INFORMATION SHOWN:
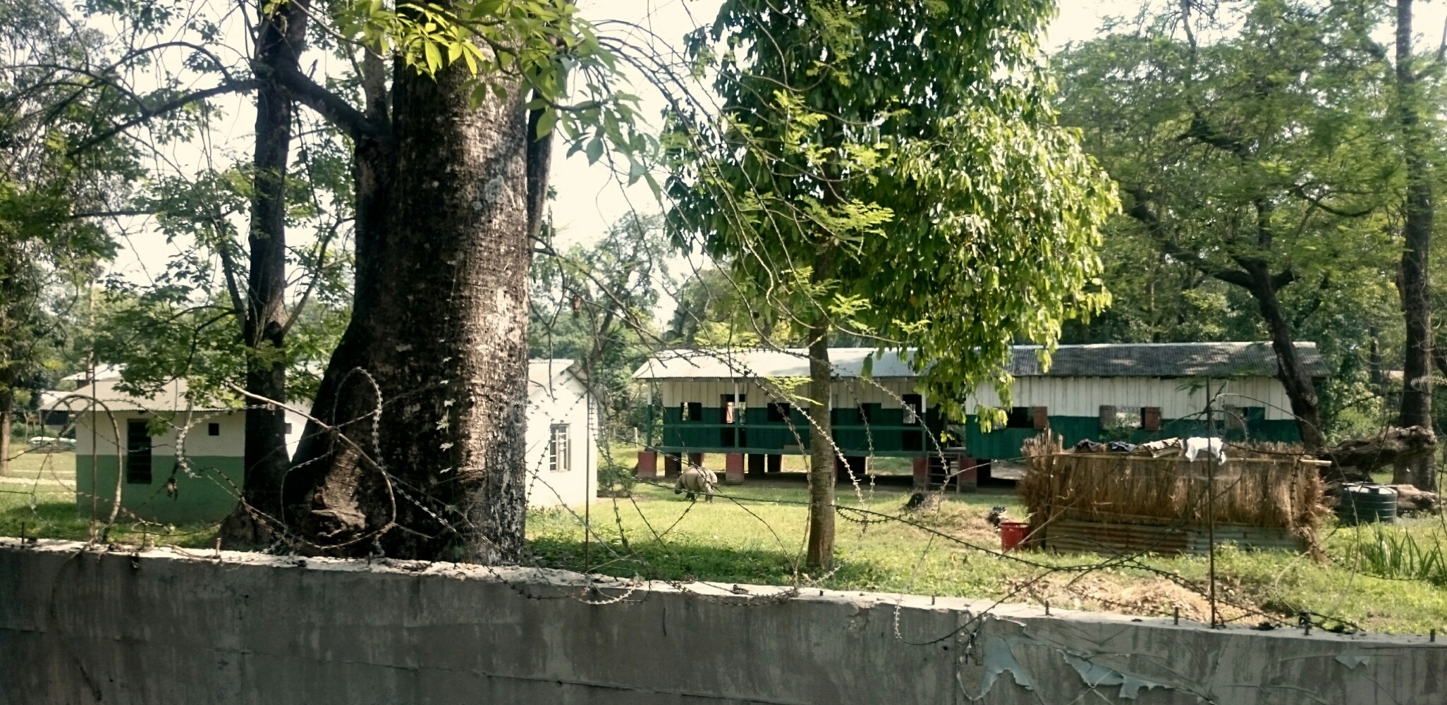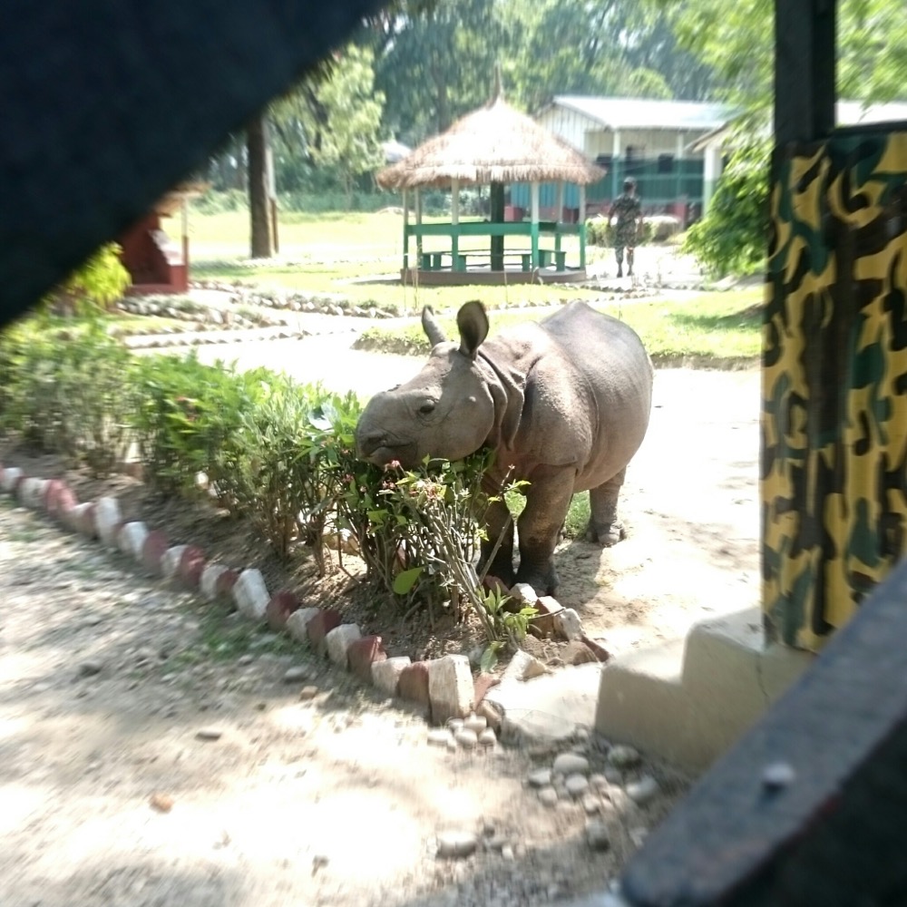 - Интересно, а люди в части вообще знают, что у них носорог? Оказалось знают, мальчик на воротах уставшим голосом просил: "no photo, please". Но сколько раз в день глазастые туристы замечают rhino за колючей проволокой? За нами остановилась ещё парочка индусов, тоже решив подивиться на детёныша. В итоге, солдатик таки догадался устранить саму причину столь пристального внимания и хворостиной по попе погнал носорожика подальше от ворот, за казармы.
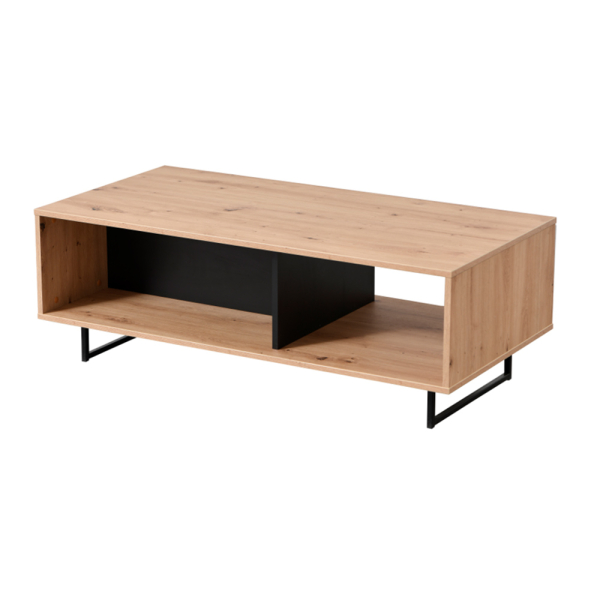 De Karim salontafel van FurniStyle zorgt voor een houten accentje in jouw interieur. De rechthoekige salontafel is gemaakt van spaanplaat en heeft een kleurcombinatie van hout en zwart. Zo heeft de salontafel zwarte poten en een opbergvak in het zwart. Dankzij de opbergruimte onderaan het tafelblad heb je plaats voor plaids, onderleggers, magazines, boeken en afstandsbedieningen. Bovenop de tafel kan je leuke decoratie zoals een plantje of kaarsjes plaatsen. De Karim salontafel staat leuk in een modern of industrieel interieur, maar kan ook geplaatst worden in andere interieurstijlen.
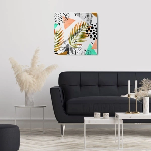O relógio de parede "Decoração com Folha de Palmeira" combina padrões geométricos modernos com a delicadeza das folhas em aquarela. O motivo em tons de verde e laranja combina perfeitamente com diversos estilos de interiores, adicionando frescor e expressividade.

DESCRIPTION OF THE TASK: Once the pictures are removed, output the remaining material exactly.

THE ANSWER:
 - Интересно, а люди в части вообще знают, что у них носорог? Оказалось знают, мальчик на воротах уставшим голосом просил: "no photo, please". Но сколько раз в день глазастые туристы замечают rhino за колючей проволокой? За нами остановилась ещё парочка индусов, тоже решив подивиться на детёныша. В итоге, солдатик таки догадался устранить саму причину столь пристального внимания и хворостиной по попе погнал носорожика подальше от ворот, за казармы.
 De Karim salontafel van FurniStyle zorgt voor een houten accentje in jouw interieur. De rechthoekige salontafel is gemaakt van spaanplaat en heeft een kleurcombinatie van hout en zwart. Zo heeft de salontafel zwarte poten en een opbergvak in het zwart. Dankzij de opbergruimte onderaan het tafelblad heb je plaats voor plaids, onderleggers, magazines, boeken en afstandsbedieningen. Bovenop de tafel kan je leuke decoratie zoals een plantje of kaarsjes plaatsen. De Karim salontafel staat leuk in een modern of industrieel interieur, maar kan ook geplaatst worden in andere interieurstijlen.
O relógio de parede "Decoração com Folha de Palmeira" combina padrões geométricos modernos com a delicadeza das folhas em aquarela. O motivo em tons de verde e laranja combina perfeitamente com diversos estilos de interiores, adicionando frescor e expressividade.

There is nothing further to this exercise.